My friends and I, gourmet by nature felt welcome upon entering the quaint historic town, without feeling a human touch or hearing a human voice. I felt like Emily in Grover's Corners.
as we found a seat in the lounge area of the bar,the bartender quickly brought us cocktail lists and a wine menu, while also greeting regular guests around us by name. Hype factor exists but still the regulars dine here comfortably.

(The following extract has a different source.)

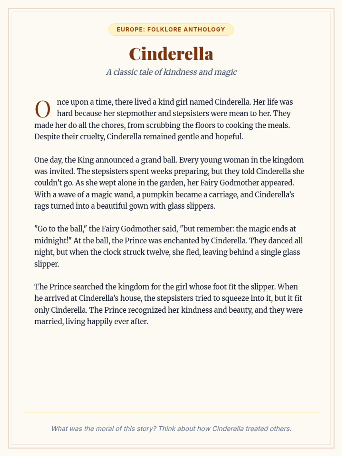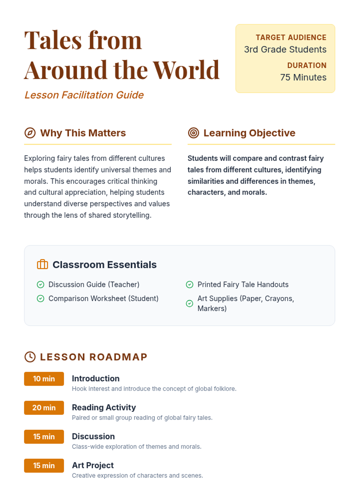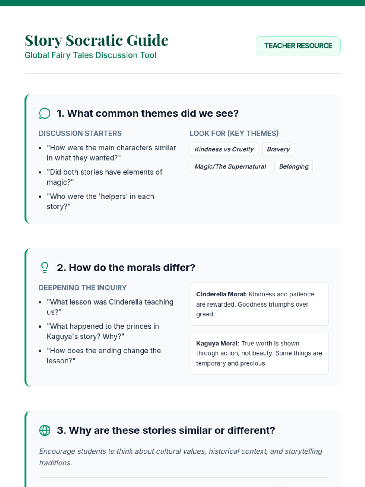 Students explore fairy tales from different cultures, focusing on identifying similarities and differences in themes and morals to encourage critical thinking and cultural appreciation.

I loved the greeting which was not a greeting. Instead of the usual salutations, you are greeted with the first course-a Sazerac cocktail, anise infused foam. The second course came quickly after the pouring of the drink-prosciutto"chips" accompanied by an airy flavorful potato foam. Then formal introductions were made. Note: Neil, the sommelier is a treasure, and brought us several excellent selections, the best of the evening the '07 Chassagne-Montrachet at $48. Next came a parade of courses, beginning third with the trio of macaroons (beet and fois gras, sweet and sour with guacamole, caesar salad). The fourth was an astonishing array of flavor with sashimi tuna, roe, cilantro, and soy foam. Favorite courses included a cross between a delicate ravioli filled with local Cherry Hill Farms chevre, browned butter, chanterelles , and butternut squash puree or the expertly prepared lamb, paired with wilted greens, fava beans, and chickpea gnocchi, or the Rabbit Four Ways. One truly enjoyable aspect of the seamless service was how each plate was delivered: all five placed gently on the table at exactly the same moment, like symphonic instruments striking notes in harmony.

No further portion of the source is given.